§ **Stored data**
----------------------------------------

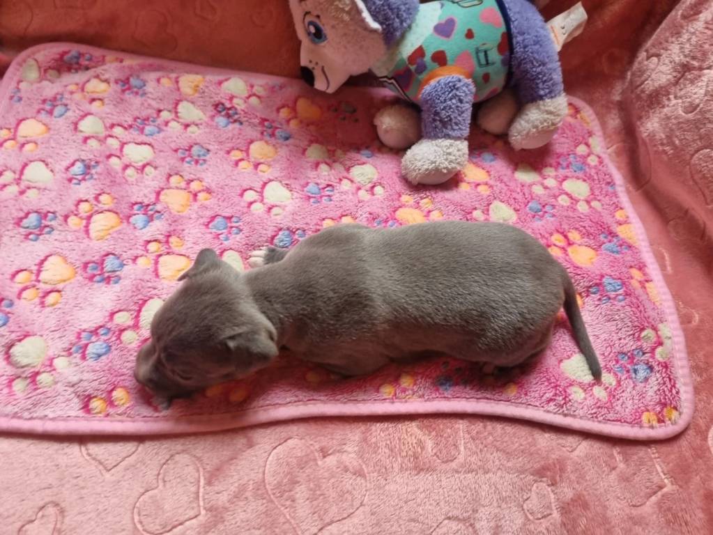Âgée de plus d’un mois, cette femelle American Staffordshire Terrier est née le 16 Janvier 2026. Elle se distingue par sa robe bleu pan blanc, aux contrastes nets et harmonieux. Son inscription au Livre des...
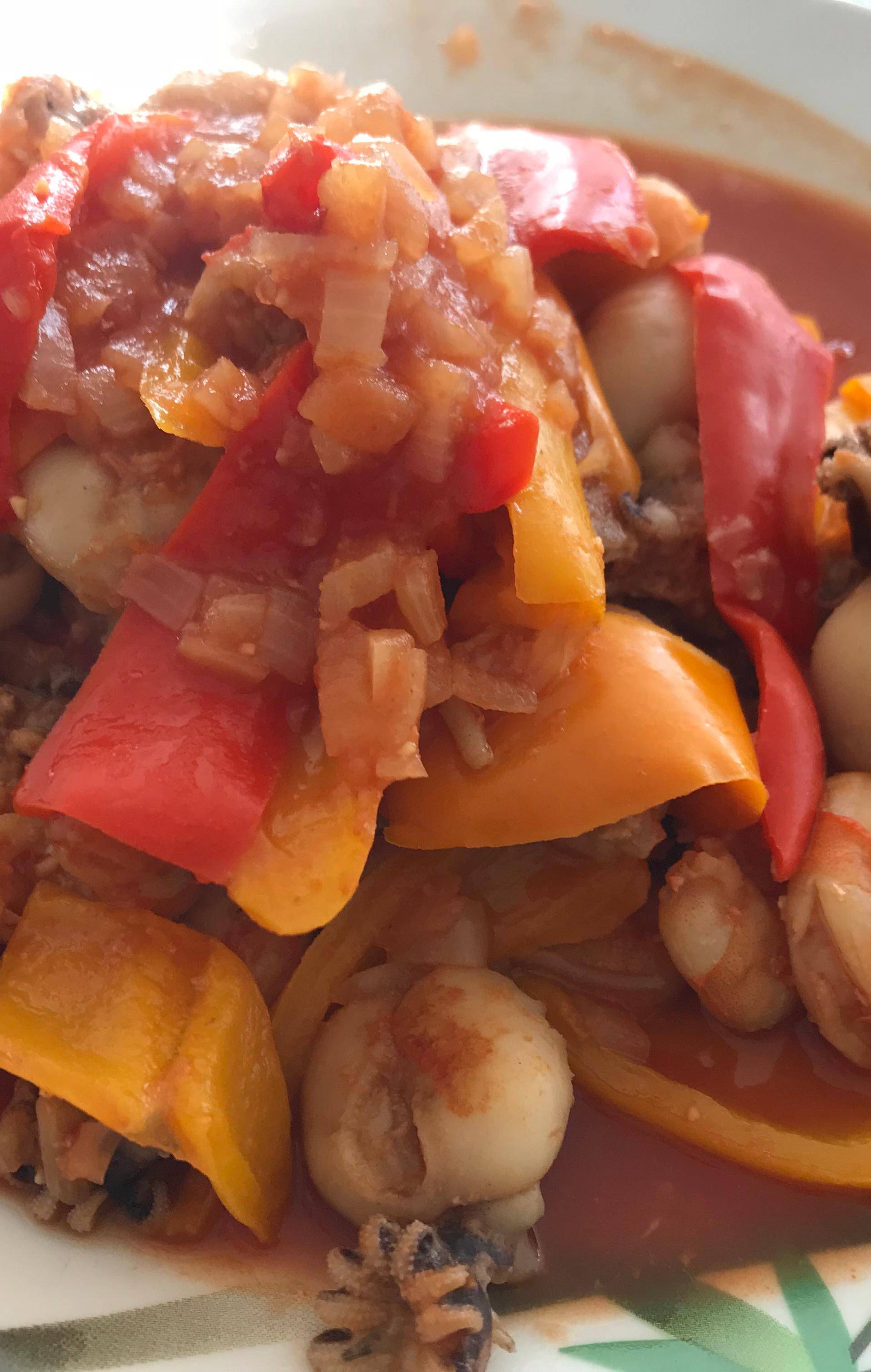 Faire decongeler les seiches si elles sont surgelées. Pendant ce temps, décortiquer les crevettes. Émincer l’oignon et couper les poivrons en lanières.
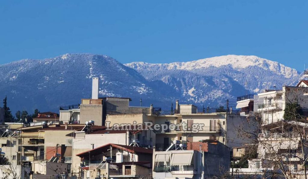 Τα σύννεφα βέβαια έδωσαν τη θέση τους σε έναν λαμπρό ήλιο και αποκαλύφθηκε το νέο χιόνι στην Οίτη και στα γύρω ορεινά που βοηθάνε ώστε οι θερμοκρασίες να είναι άκρως χειμωνιάτικες.
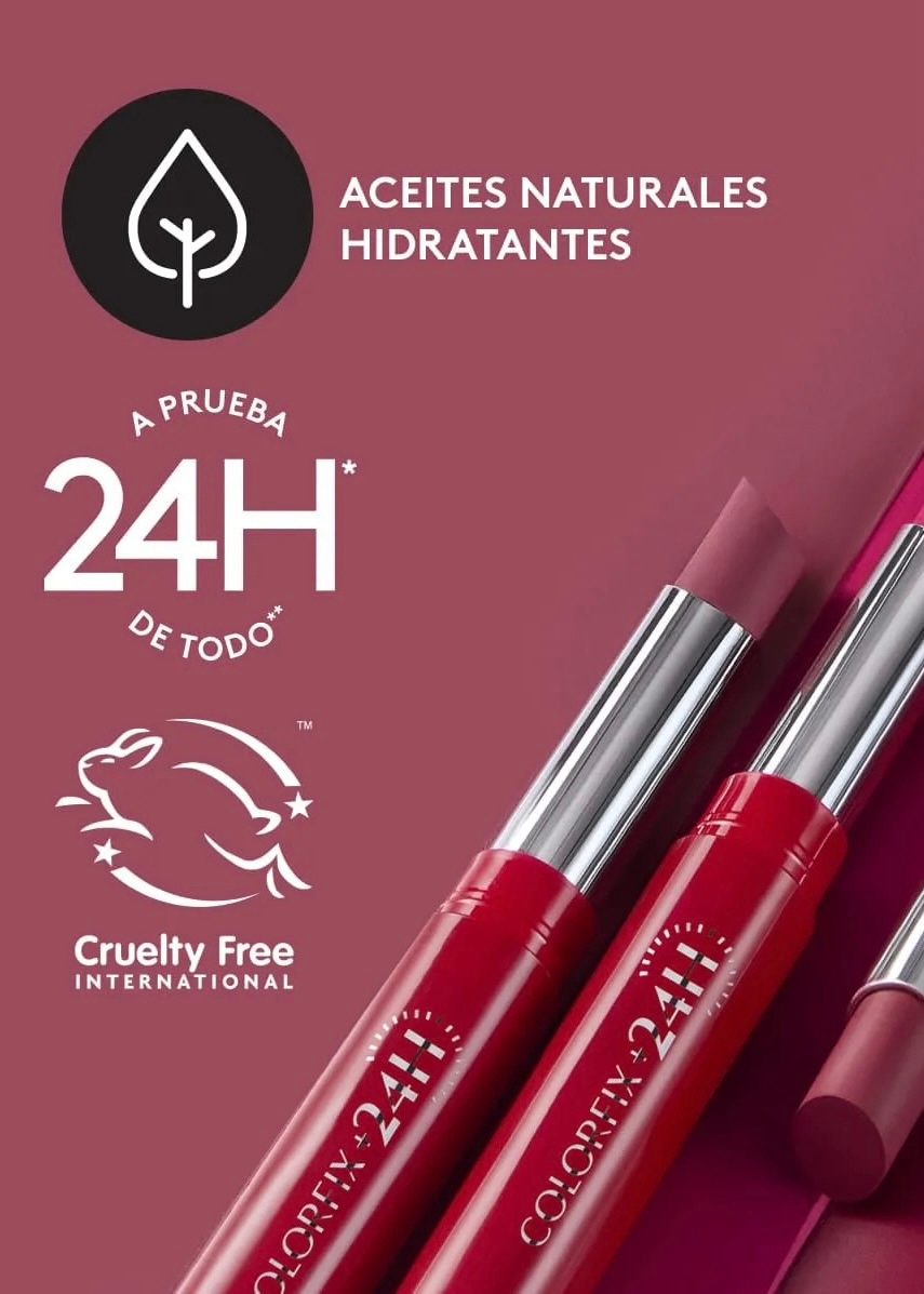 Labial mate COLORFIX 24H. 24 horas de color y suavidad*, 100% mate ¡sin retoques! Su deliciosa sensación y textura cremosa te dan comodidad todo el día. Capacidad: 2g /.07 oz.
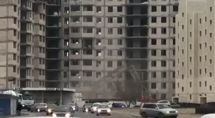 Скончался пострадавший при падении крана в Актау Кадр из видео
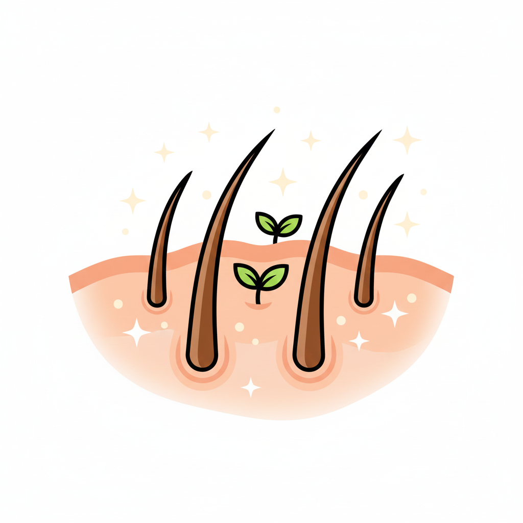 It stimulates hair follicles by increasing blood circulation and cellular activity, promoting natural growth and strengthening existing hair.
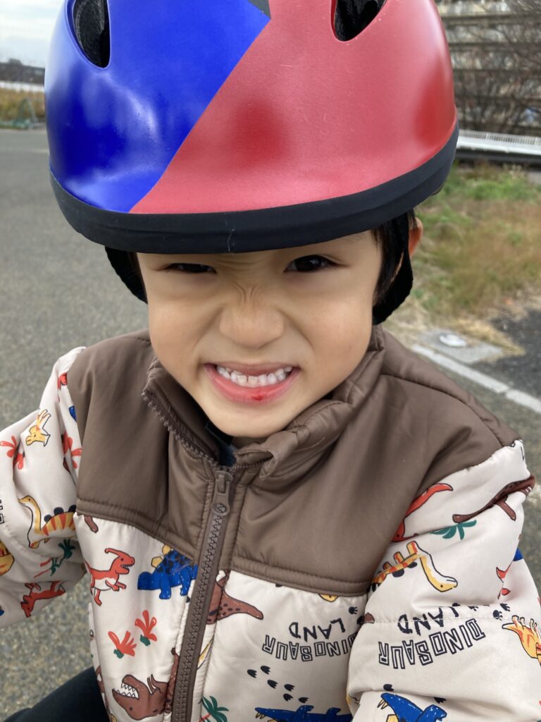 今日も自転車の練習に行ってきました。が、ダンシング(立ち漕ぎ)中にペダルから足が外れて、パタンと転けました。両足を強打して、下唇を切ってしまいました。その後も続けて練習を続けたので、少し安心しました。
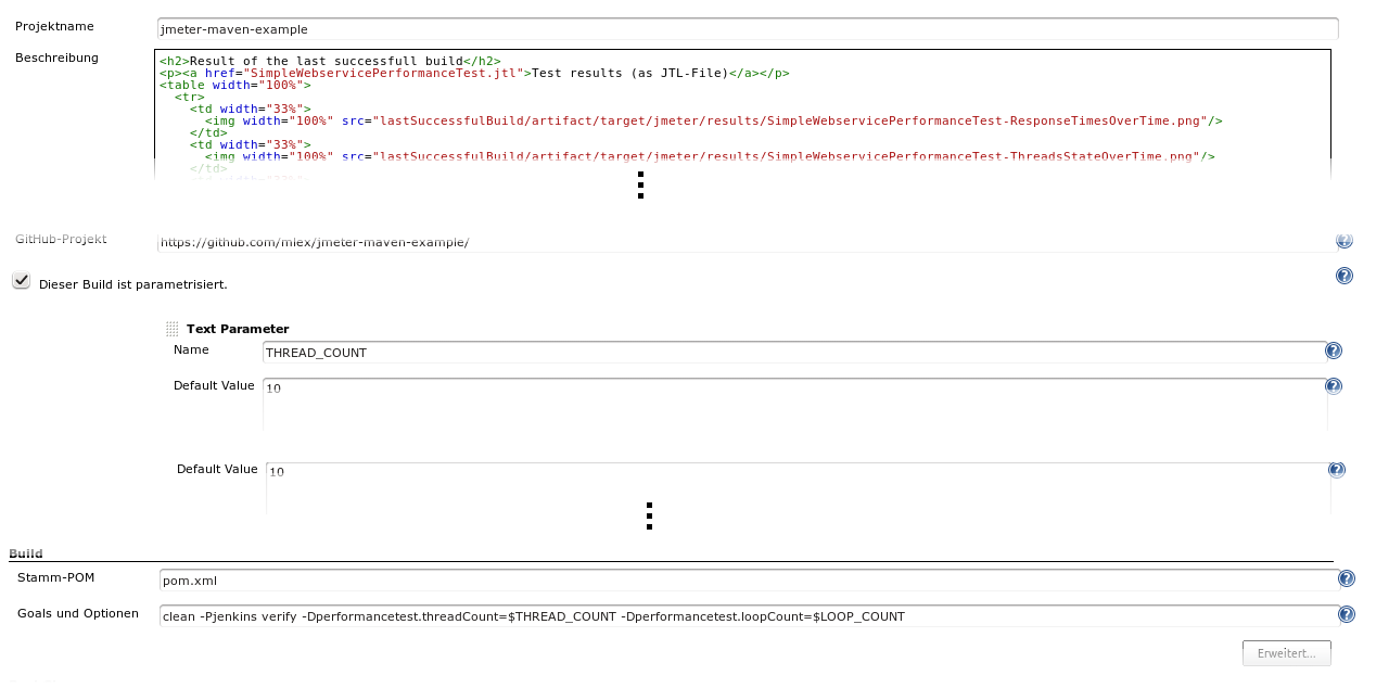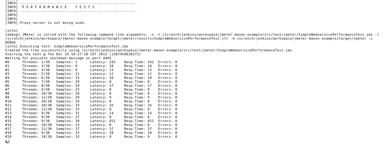 The following code- and configuration-snippets are taken from the example project jmeter-maven-example , which is available on GitHub. There is also a public jenkins with a simple job, that allows executing JMeter tests against a real application (hosted on CloudBees).
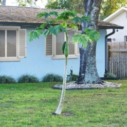 This is a fast-growing tree with a long single trunk leading up to lush green lobes. You will get a gorgeous color show with your tree. You can expect the tree to be adorned with either bright green or yellow ripened papaya fruit.
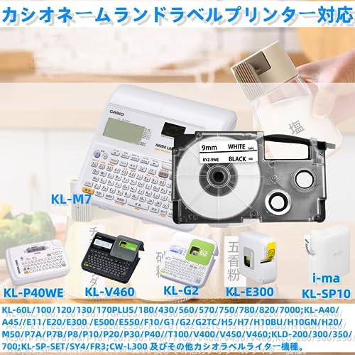 互換 カシオ ネームランド テープ 9mm 白地 黒文字 CASIO Name Land テープカートリッジ XR-9WE セット
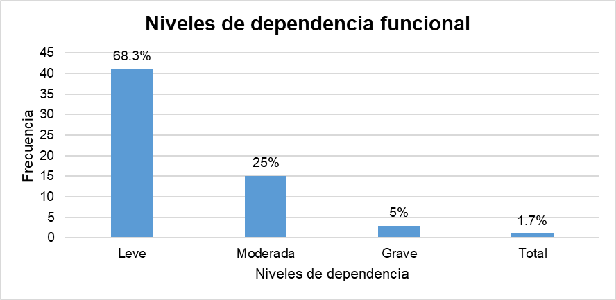 La dependencia funcional se encontró prevalente en nivel leve dentro del 68.3% (f=41), 25% (f=15) la presentaron en nivel
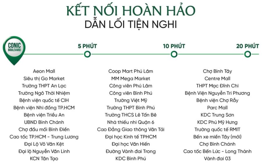 - 20 phút vào Quận 5 – Quận 6 hoặc xuống Long An
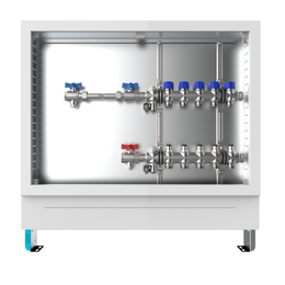 strawa FB-Anschlussstation H 53h-WMZ 6 Hkr.,BxHxT: 750 x 725 x 92 mm, horiz. AG m. WMZ, Verteiler mit Regulierventil + THV M30x1,5, Standard-UP-Schrank mit Frontblende in RAL 9016

----------------------------------------

§ **TASK**
From the line containing "- 20 phút vào" through the last line of the entries, copy each line exactly and only those, skipping all pictures.

§ **FINAL ANSWER**
 - 20 phút vào Quận 5 – Quận 6 hoặc xuống Long An
 strawa FB-Anschlussstation H 53h-WMZ 6 Hkr.,BxHxT: 750 x 725 x 92 mm, horiz. AG m. WMZ, Verteiler mit Regulierventil + THV M30x1,5, Standard-UP-Schrank mit Frontblende in RAL 9016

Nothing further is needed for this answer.